Ex_cldr: What are locales "en-001" and "und"?

Hello,

The ex_cldr docs Getting Started with Cldr — Cldr v2.40.1 say

If installed from hex then only the locales “en”, “en-001” and “und” are installed

I wondered what the locales “en-001” and “und” are.

For the first “en-001” - I have found an answer in How to coerce currency symbols with a character prefix? E.g. US$ not $ (even if "en" is the locale) - #4 by kip. So it’s “world English”.

Second - “und” - is not so easy to google as “und” is a German word (“and” in English), but docs for other programming languages seem to use “und” short for “Undetermined”. I guess that’s it?

seem to use “und” short for “Undetermined”

You are correct, that’s what it is. Until a couple of years ago is was called root, but that was linguistically misleading. So it was renamed to und. Basically it’s the “if all else fails, use values from here”.

I wondered what the locales “en-001”

Language tags convey a lot more information that is commonly recognised. The region identifier (for example, the US in en-US) is typically an ISO3166 territory code.

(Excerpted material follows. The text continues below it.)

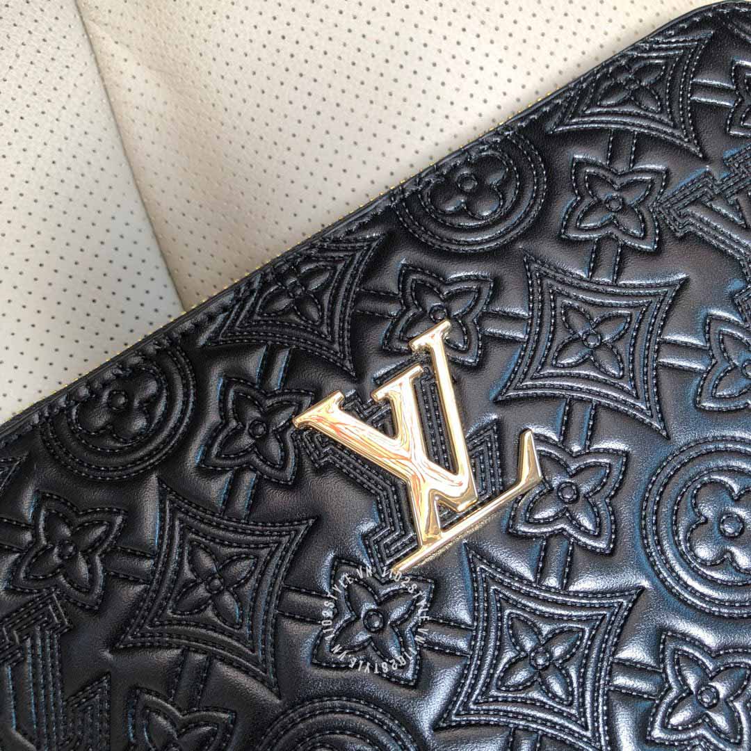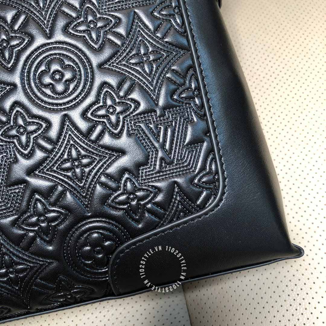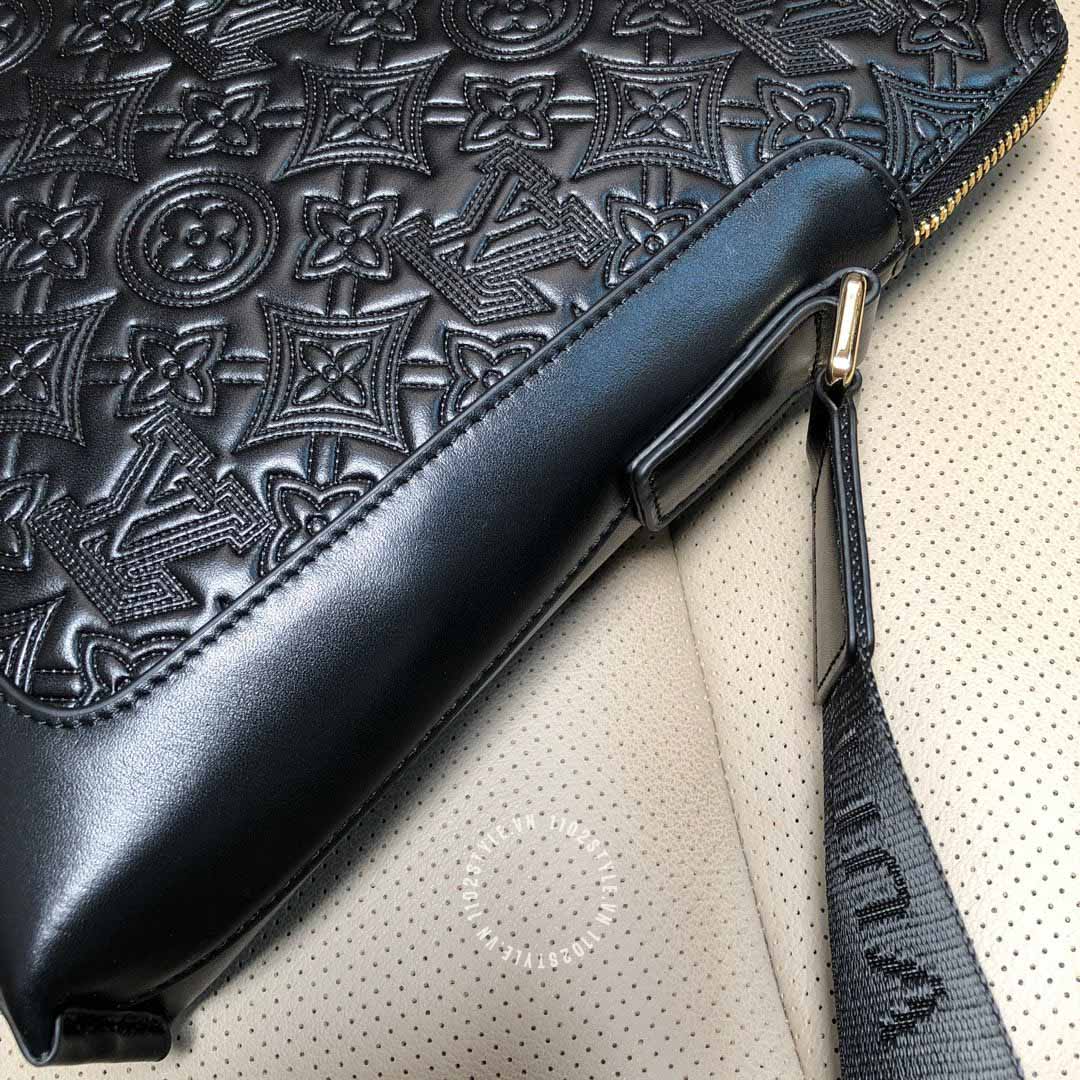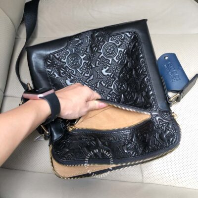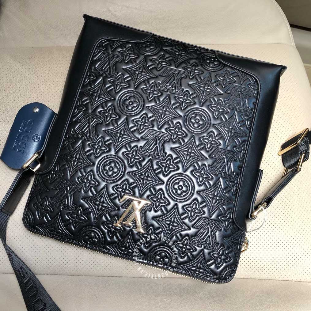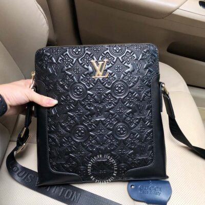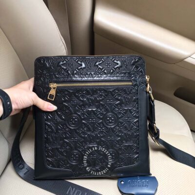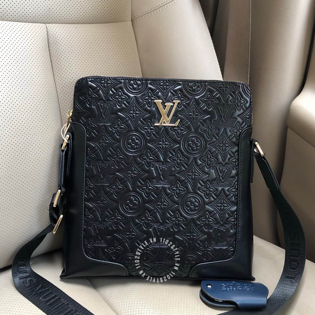 Hình ảnh chi tiết túi đeo chéo LV nam màu đen hoạ tiết monogram dập nổi fake 1:
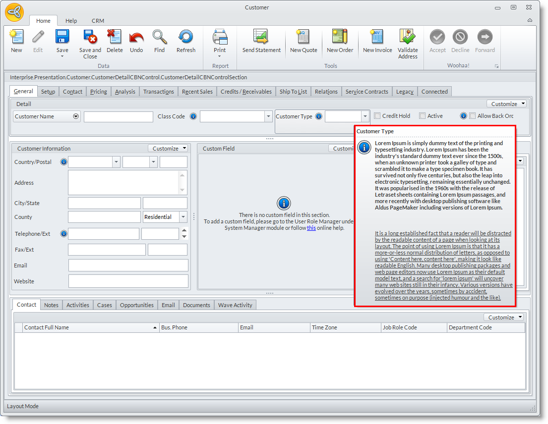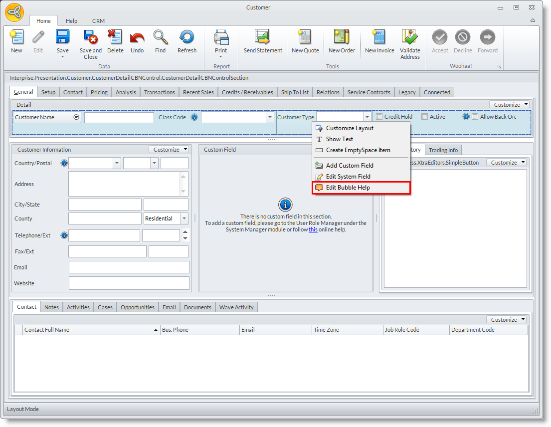 If the Bubble Help Editor is left blank, or if its contents is the same as the selected field (e.g. Customer Type), no tooltip icon will be displayed beside the selected field.

It can also be a United Nations M49 area code. These codes are intended to remove the geopolical implications inherent in territory codes to provide a basis for statistical analysis.

The following is a screen shot of the highest level hierarchy of M49 codes - that can expand to areas that are congruent with ISO3166 in many cases - but not all.

I hope that helps clarify some more (or perhaps now you wish you didn’t ask :-))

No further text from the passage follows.